----- STUDY MATERIAL

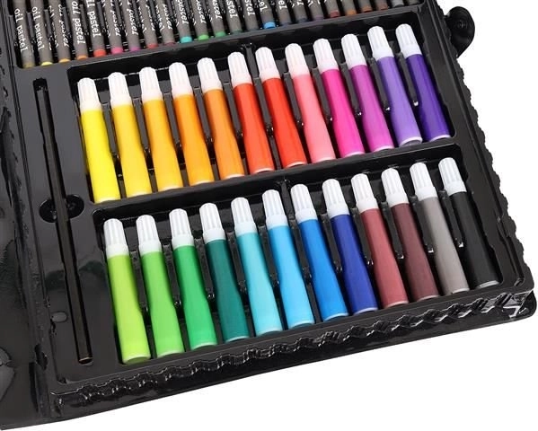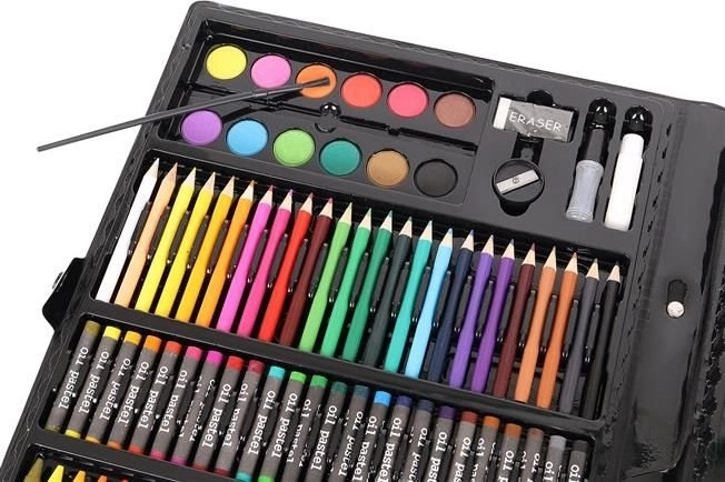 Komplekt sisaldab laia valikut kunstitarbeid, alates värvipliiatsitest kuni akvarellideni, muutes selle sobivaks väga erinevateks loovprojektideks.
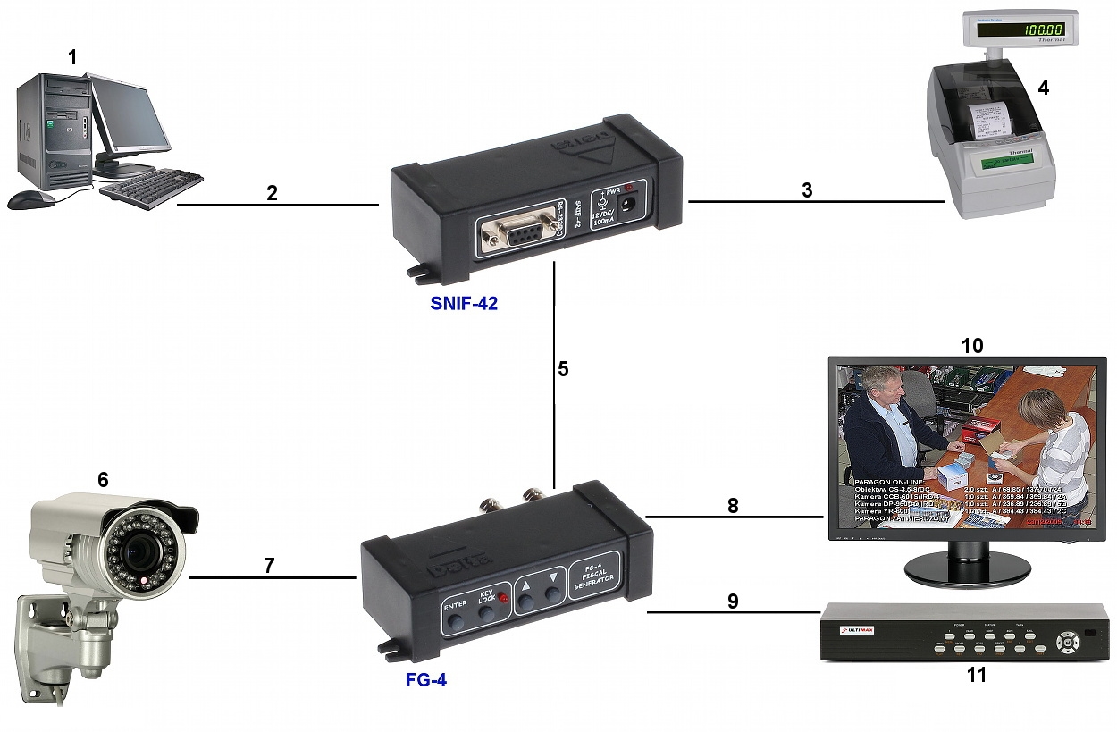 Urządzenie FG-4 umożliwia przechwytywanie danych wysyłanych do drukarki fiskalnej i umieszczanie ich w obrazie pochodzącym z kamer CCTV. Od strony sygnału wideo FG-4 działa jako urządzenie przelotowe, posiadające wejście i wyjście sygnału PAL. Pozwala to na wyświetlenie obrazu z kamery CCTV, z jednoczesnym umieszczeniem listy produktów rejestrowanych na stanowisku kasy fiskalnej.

----------
----- STUDY MATERIAL

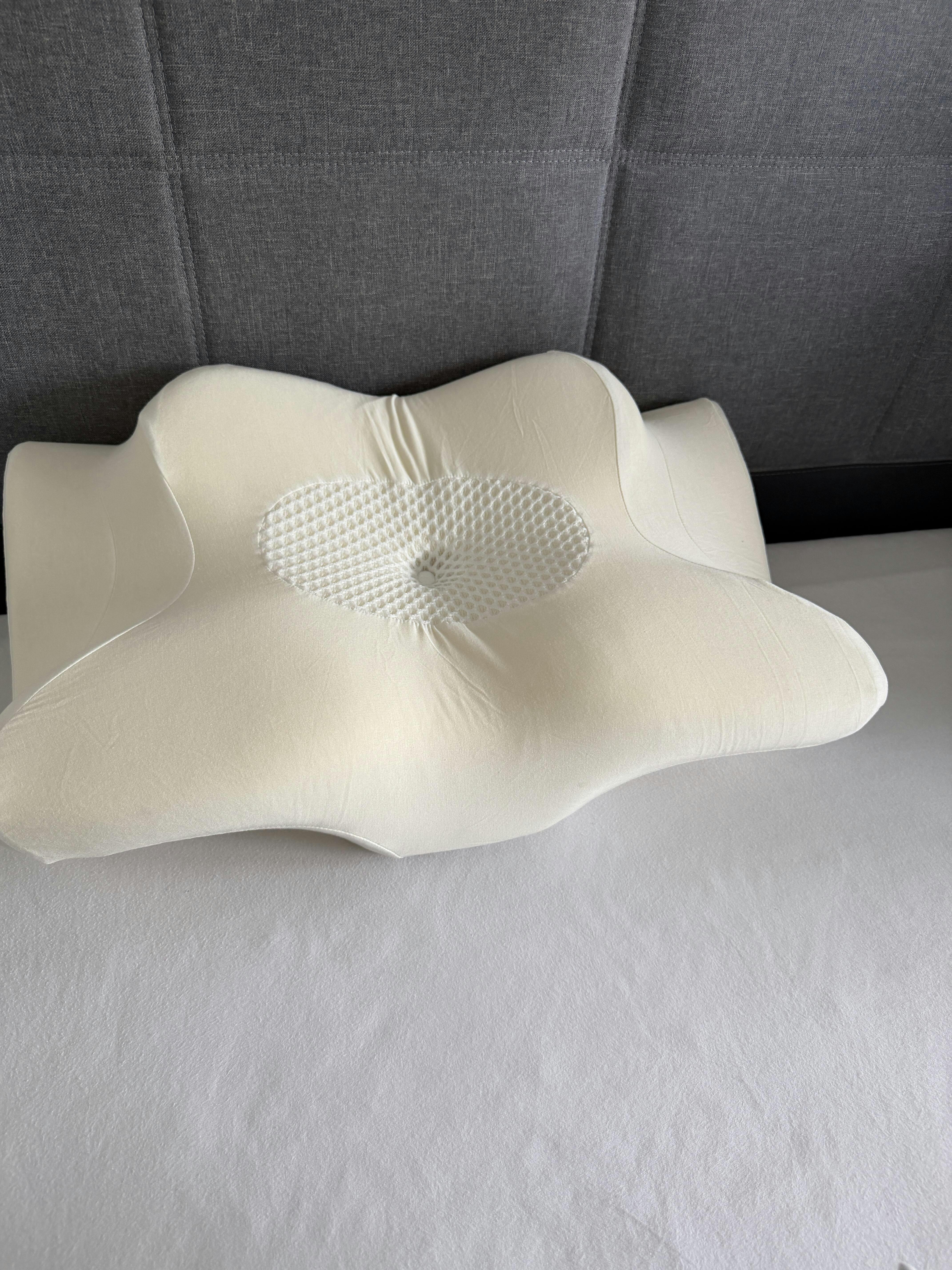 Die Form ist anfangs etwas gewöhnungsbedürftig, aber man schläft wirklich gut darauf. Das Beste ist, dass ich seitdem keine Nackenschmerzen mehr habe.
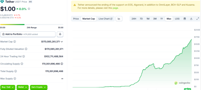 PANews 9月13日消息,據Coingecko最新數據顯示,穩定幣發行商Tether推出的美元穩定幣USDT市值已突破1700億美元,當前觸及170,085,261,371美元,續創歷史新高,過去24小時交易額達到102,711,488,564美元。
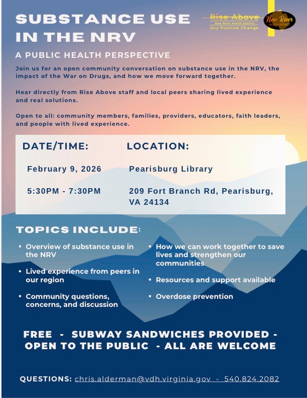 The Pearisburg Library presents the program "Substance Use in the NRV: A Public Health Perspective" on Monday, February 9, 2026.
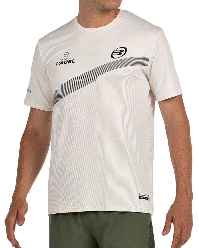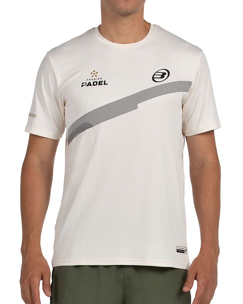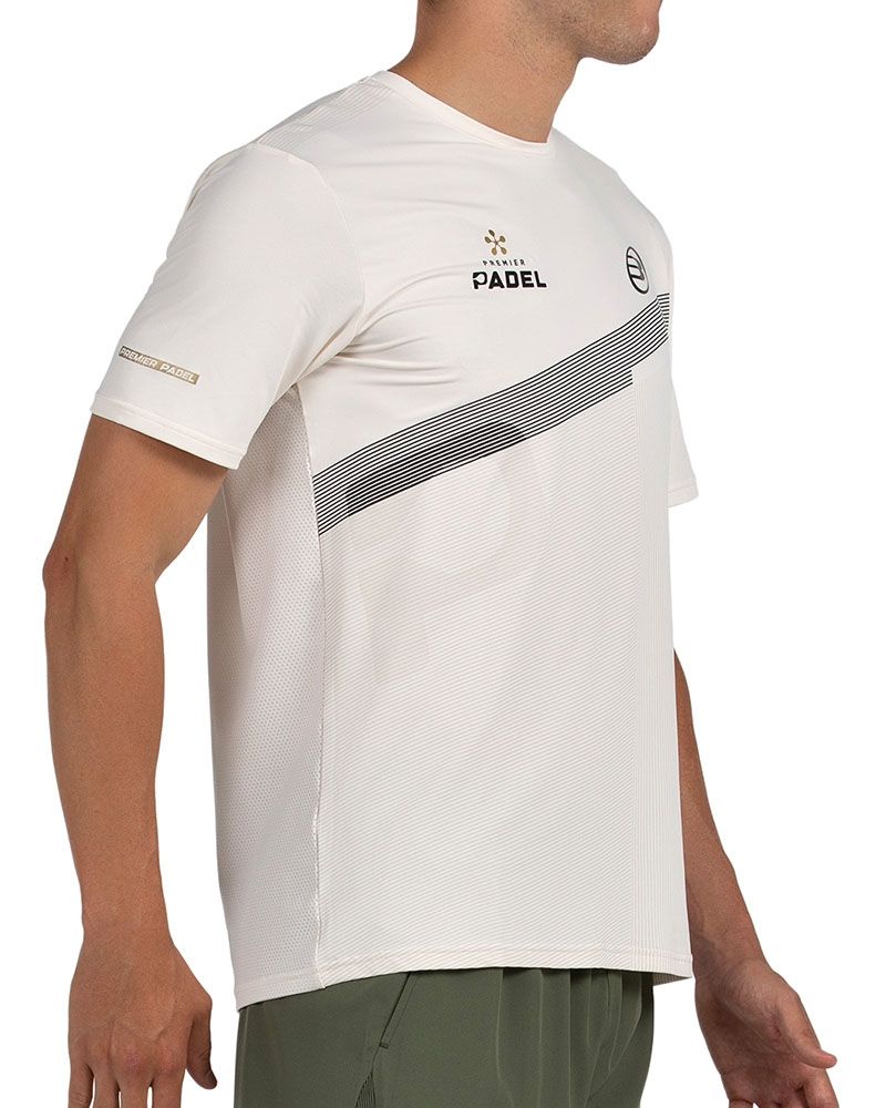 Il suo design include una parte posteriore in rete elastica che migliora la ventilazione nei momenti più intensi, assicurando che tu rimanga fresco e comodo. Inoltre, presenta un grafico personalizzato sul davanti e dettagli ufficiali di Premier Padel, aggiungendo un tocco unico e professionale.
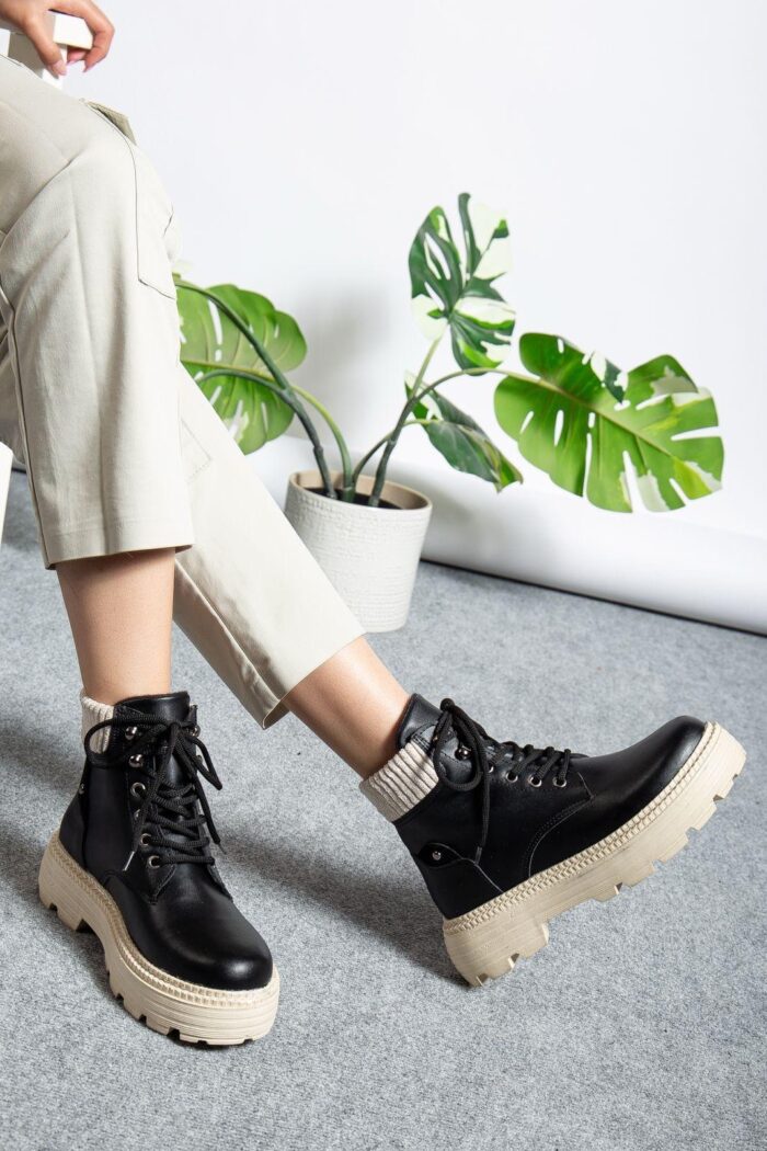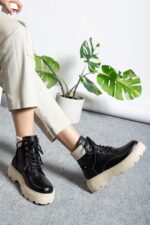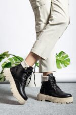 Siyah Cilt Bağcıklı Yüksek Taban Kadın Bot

----------

§ **TASK BRIEF**
Write out exactly the lines above between the one with "Il suo design" and the one with "Siyah Cilt Bağcıklı Yüksek Taban Kadın Bot", inclusive, with pictures left out.

§ **EXERCISE ANSWER**
 Il suo design include una parte posteriore in rete elastica che migliora la ventilazione nei momenti più intensi, assicurando che tu rimanga fresco e comodo. Inoltre, presenta un grafico personalizzato sul davanti e dettagli ufficiali di Premier Padel, aggiungendo un tocco unico e professionale.
 Siyah Cilt Bağcıklı Yüksek Taban Kadın Bot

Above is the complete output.